**DIRECTIONS FOR THIS TASK**
Copy out exactly the lines below that run from the one holding "Image depicts woman" to the one holding "Like new. Probably", keeping both of those lines and no others.

**SOURCE DATA**

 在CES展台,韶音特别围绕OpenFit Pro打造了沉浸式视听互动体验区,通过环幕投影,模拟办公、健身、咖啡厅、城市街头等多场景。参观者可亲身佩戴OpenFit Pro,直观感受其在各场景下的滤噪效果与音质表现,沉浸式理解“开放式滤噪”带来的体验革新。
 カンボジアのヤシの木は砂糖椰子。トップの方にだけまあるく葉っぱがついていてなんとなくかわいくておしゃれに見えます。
...
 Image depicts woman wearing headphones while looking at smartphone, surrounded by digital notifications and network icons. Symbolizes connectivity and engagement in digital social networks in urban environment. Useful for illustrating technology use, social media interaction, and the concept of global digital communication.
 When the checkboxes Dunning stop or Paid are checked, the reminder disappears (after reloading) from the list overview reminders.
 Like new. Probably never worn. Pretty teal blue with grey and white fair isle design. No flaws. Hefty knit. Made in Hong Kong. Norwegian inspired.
...
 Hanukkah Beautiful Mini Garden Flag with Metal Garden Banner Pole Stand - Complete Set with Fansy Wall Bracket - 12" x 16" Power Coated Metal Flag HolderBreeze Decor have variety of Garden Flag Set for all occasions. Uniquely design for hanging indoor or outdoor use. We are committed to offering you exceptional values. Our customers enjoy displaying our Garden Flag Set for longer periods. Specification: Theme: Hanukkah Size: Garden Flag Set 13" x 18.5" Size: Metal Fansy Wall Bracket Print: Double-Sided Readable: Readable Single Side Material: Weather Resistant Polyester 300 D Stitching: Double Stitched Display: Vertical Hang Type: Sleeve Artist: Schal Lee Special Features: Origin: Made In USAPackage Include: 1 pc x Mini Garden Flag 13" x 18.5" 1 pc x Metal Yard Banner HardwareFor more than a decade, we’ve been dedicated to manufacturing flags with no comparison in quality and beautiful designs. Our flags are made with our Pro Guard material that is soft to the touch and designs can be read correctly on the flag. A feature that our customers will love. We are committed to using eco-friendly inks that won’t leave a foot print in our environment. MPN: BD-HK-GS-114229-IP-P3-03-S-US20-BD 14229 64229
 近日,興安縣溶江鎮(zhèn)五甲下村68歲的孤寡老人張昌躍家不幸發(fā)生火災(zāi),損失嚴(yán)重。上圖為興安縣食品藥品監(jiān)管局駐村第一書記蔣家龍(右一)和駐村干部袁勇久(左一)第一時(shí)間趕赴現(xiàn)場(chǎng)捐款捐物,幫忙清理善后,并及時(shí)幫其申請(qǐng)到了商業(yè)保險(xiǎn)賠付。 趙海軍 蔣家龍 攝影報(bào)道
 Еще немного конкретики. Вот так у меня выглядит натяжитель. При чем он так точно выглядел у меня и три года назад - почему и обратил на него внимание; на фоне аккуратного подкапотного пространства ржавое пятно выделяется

**RESPONSE BELOW**
 Image depicts woman wearing headphones while looking at smartphone, surrounded by digital notifications and network icons. Symbolizes connectivity and engagement in digital social networks in urban environment. Useful for illustrating technology use, social media interaction, and the concept of global digital communication.
 When the checkboxes Dunning stop or Paid are checked, the reminder disappears (after reloading) from the list overview reminders.
 Like new. Probably never worn. Pretty teal blue with grey and white fair isle design. No flaws. Hefty knit. Made in Hong Kong. Norwegian inspired.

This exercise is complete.